**Task statement:**
Whatever appears in the listing must be reproduced exactly.

**Listed records:**
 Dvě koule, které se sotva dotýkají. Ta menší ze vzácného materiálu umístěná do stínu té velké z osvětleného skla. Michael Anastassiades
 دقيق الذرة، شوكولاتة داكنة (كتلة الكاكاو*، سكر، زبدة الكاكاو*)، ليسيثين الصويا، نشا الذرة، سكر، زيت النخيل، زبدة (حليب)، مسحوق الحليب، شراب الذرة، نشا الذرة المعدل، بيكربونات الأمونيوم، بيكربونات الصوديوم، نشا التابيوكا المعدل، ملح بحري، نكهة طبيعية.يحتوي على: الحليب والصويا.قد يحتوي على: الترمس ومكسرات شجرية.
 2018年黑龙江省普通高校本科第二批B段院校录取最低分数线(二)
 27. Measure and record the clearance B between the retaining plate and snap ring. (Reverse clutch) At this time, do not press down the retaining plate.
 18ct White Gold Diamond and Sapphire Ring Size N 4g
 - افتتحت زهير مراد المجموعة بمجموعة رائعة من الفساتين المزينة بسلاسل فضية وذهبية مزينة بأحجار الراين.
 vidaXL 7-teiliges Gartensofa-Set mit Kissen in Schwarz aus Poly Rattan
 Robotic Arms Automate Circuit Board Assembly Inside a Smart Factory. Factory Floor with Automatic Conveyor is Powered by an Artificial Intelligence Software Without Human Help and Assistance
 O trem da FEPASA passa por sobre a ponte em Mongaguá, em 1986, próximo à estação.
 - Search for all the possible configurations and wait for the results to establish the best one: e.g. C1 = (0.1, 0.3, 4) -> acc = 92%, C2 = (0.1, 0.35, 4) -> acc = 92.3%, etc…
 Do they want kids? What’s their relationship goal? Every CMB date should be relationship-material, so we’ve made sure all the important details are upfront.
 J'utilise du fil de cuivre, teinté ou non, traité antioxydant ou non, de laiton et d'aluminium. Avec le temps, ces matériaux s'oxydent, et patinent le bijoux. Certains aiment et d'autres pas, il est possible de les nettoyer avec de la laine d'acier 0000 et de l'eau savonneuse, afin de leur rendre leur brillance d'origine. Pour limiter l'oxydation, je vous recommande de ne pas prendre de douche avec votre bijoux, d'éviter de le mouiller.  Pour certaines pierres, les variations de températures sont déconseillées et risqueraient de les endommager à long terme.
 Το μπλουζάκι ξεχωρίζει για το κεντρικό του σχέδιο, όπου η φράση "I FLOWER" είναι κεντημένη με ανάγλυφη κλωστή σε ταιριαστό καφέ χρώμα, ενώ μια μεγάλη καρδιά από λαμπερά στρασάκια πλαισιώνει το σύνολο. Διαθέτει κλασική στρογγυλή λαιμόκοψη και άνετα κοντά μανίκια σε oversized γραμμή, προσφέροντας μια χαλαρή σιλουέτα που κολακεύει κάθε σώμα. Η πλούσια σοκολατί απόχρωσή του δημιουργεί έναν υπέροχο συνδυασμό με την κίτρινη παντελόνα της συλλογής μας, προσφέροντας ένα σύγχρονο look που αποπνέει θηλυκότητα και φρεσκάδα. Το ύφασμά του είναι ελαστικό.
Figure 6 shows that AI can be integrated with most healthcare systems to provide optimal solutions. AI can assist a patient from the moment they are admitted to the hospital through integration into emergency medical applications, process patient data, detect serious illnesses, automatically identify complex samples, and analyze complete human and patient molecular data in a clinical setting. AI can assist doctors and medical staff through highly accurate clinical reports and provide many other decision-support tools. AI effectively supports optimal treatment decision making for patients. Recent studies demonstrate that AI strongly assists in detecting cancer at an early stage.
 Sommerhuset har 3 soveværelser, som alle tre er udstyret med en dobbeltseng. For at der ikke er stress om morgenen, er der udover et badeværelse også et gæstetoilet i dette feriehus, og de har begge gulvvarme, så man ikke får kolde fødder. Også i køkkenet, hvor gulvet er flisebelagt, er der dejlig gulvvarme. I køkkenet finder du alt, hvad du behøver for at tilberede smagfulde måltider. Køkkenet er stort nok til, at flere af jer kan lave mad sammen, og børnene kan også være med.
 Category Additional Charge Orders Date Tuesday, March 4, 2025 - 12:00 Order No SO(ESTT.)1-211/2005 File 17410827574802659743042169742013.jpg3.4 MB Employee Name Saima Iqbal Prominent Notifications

**Task output:**
 Dvě koule, které se sotva dotýkají. Ta menší ze vzácného materiálu umístěná do stínu té velké z osvětleného skla. Michael Anastassiades
 دقيق الذرة، شوكولاتة داكنة (كتلة الكاكاو*، سكر، زبدة الكاكاو*)، ليسيثين الصويا، نشا الذرة، سكر، زيت النخيل، زبدة (حليب)، مسحوق الحليب، شراب الذرة، نشا الذرة المعدل، بيكربونات الأمونيوم، بيكربونات الصوديوم، نشا التابيوكا المعدل، ملح بحري، نكهة طبيعية.يحتوي على: الحليب والصويا.قد يحتوي على: الترمس ومكسرات شجرية.
 2018年黑龙江省普通高校本科第二批B段院校录取最低分数线(二)
 27. Measure and record the clearance B between the retaining plate and snap ring. (Reverse clutch) At this time, do not press down the retaining plate.
 18ct White Gold Diamond and Sapphire Ring Size N 4g
 - افتتحت زهير مراد المجموعة بمجموعة رائعة من الفساتين المزينة بسلاسل فضية وذهبية مزينة بأحجار الراين.
 vidaXL 7-teiliges Gartensofa-Set mit Kissen in Schwarz aus Poly Rattan
 Robotic Arms Automate Circuit Board Assembly Inside a Smart Factory. Factory Floor with Automatic Conveyor is Powered by an Artificial Intelligence Software Without Human Help and Assistance
 O trem da FEPASA passa por sobre a ponte em Mongaguá, em 1986, próximo à estação.
 - Search for all the possible configurations and wait for the results to establish the best one: e.g. C1 = (0.1, 0.3, 4) -> acc = 92%, C2 = (0.1, 0.35, 4) -> acc = 92.3%, etc…
 Do they want kids? What’s their relationship goal? Every CMB date should be relationship-material, so we’ve made sure all the important details are upfront.
 J'utilise du fil de cuivre, teinté ou non, traité antioxydant ou non, de laiton et d'aluminium. Avec le temps, ces matériaux s'oxydent, et patinent le bijoux. Certains aiment et d'autres pas, il est possible de les nettoyer avec de la laine d'acier 0000 et de l'eau savonneuse, afin de leur rendre leur brillance d'origine. Pour limiter l'oxydation, je vous recommande de ne pas prendre de douche avec votre bijoux, d'éviter de le mouiller.  Pour certaines pierres, les variations de températures sont déconseillées et risqueraient de les endommager à long terme.
 Το μπλουζάκι ξεχωρίζει για το κεντρικό του σχέδιο, όπου η φράση "I FLOWER" είναι κεντημένη με ανάγλυφη κλωστή σε ταιριαστό καφέ χρώμα, ενώ μια μεγάλη καρδιά από λαμπερά στρασάκια πλαισιώνει το σύνολο. Διαθέτει κλασική στρογγυλή λαιμόκοψη και άνετα κοντά μανίκια σε oversized γραμμή, προσφέροντας μια χαλαρή σιλουέτα που κολακεύει κάθε σώμα. Η πλούσια σοκολατί απόχρωσή του δημιουργεί έναν υπέροχο συνδυασμό με την κίτρινη παντελόνα της συλλογής μας, προσφέροντας ένα σύγχρονο look που αποπνέει θηλυκότητα και φρεσκάδα. Το ύφασμά του είναι ελαστικό.
Figure 6 shows that AI can be integrated with most healthcare systems to provide optimal solutions. AI can assist a patient from the moment they are admitted to the hospital through integration into emergency medical applications, process patient data, detect serious illnesses, automatically identify complex samples, and analyze complete human and patient molecular data in a clinical setting. AI can assist doctors and medical staff through highly accurate clinical reports and provide many other decision-support tools. AI effectively supports optimal treatment decision making for patients. Recent studies demonstrate that AI strongly assists in detecting cancer at an early stage.
 Sommerhuset har 3 soveværelser, som alle tre er udstyret med en dobbeltseng. For at der ikke er stress om morgenen, er der udover et badeværelse også et gæstetoilet i dette feriehus, og de har begge gulvvarme, så man ikke får kolde fødder. Også i køkkenet, hvor gulvet er flisebelagt, er der dejlig gulvvarme. I køkkenet finder du alt, hvad du behøver for at tilberede smagfulde måltider. Køkkenet er stort nok til, at flere af jer kan lave mad sammen, og børnene kan også være med.
 Category Additional Charge Orders Date Tuesday, March 4, 2025 - 12:00 Order No SO(ESTT.)1-211/2005 File 17410827574802659743042169742013.jpg3.4 MB Employee Name Saima Iqbal Prominent Notifications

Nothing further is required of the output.